- _Work task_: From the first line to the last, give the material again exactly, without the images.

- _Recorded data_:
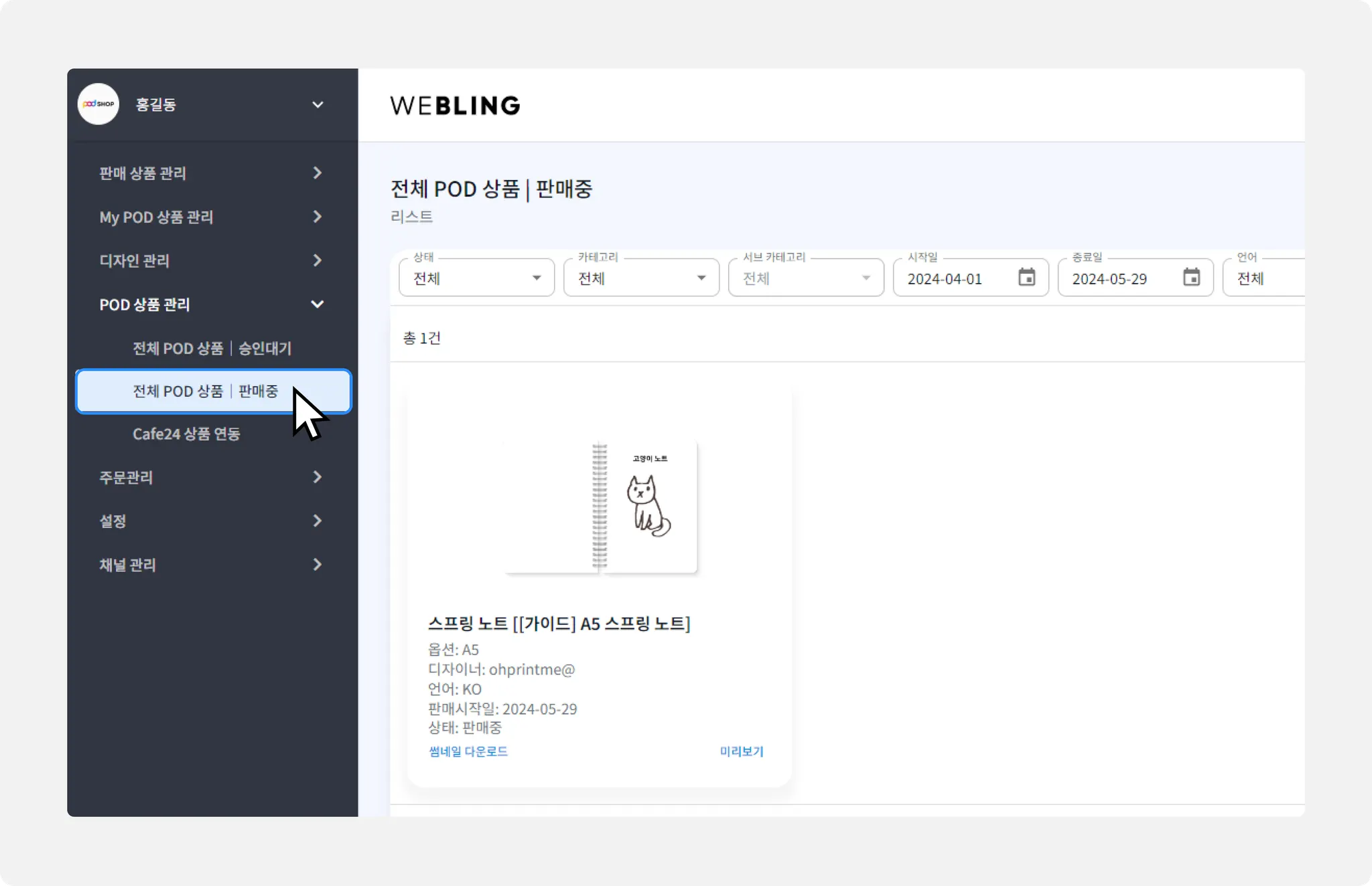 판매 승인이 완료되었다면, POD 상품 관리 > [전체 POD 상품 | 판매중] 메뉴를 통해 상품의 상태가 판매중으로 잘 변경되었는지 확인해주세요.
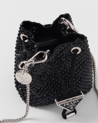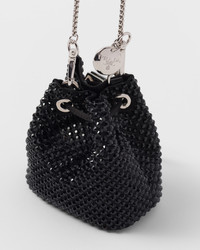 This precious and sophisticated satin mini-pouch covered in crystals plays with elegant, sparkling details. The accessory, which comes with a removable chain shoulder strap, is decorated with the enameled metal triangle logo that accents the drawstring closure - Product code: 1NR16M_2AWL_F0002 - Drawstring closure - Enameled metal triangle logo on closure - Removable chain shoulder strap - Logo-pri9nt nylon lining - Imported Height: 9.5cm Width: 9cm Length: 6cm MATERIALS Main material: Silk viscose
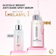 Glycolic Bright Melasyl Serum - Anti Dark Spot Serum. Formulated with 8% [Melasyl + Niacinamide + Glycolic Acid]. Melasyl, a patented ingredient made by L’Oréal Paris Store, is our strongest brightening active ever. Stronger than the top 5 brightening ingredients. Reduces dark spots by 86% even the most stubborn of spots. Safe for sensitive skin and for daily use.

- _Output of the task_:
 판매 승인이 완료되었다면, POD 상품 관리 > [전체 POD 상품 | 판매중] 메뉴를 통해 상품의 상태가 판매중으로 잘 변경되었는지 확인해주세요.
 This precious and sophisticated satin mini-pouch covered in crystals plays with elegant, sparkling details. The accessory, which comes with a removable chain shoulder strap, is decorated with the enameled metal triangle logo that accents the drawstring closure - Product code: 1NR16M_2AWL_F0002 - Drawstring closure - Enameled metal triangle logo on closure - Removable chain shoulder strap - Logo-pri9nt nylon lining - Imported Height: 9.5cm Width: 9cm Length: 6cm MATERIALS Main material: Silk viscose
 Glycolic Bright Melasyl Serum - Anti Dark Spot Serum. Formulated with 8% [Melasyl + Niacinamide + Glycolic Acid]. Melasyl, a patented ingredient made by L’Oréal Paris Store, is our strongest brightening active ever. Stronger than the top 5 brightening ingredients. Reduces dark spots by 86% even the most stubborn of spots. Safe for sensitive skin and for daily use.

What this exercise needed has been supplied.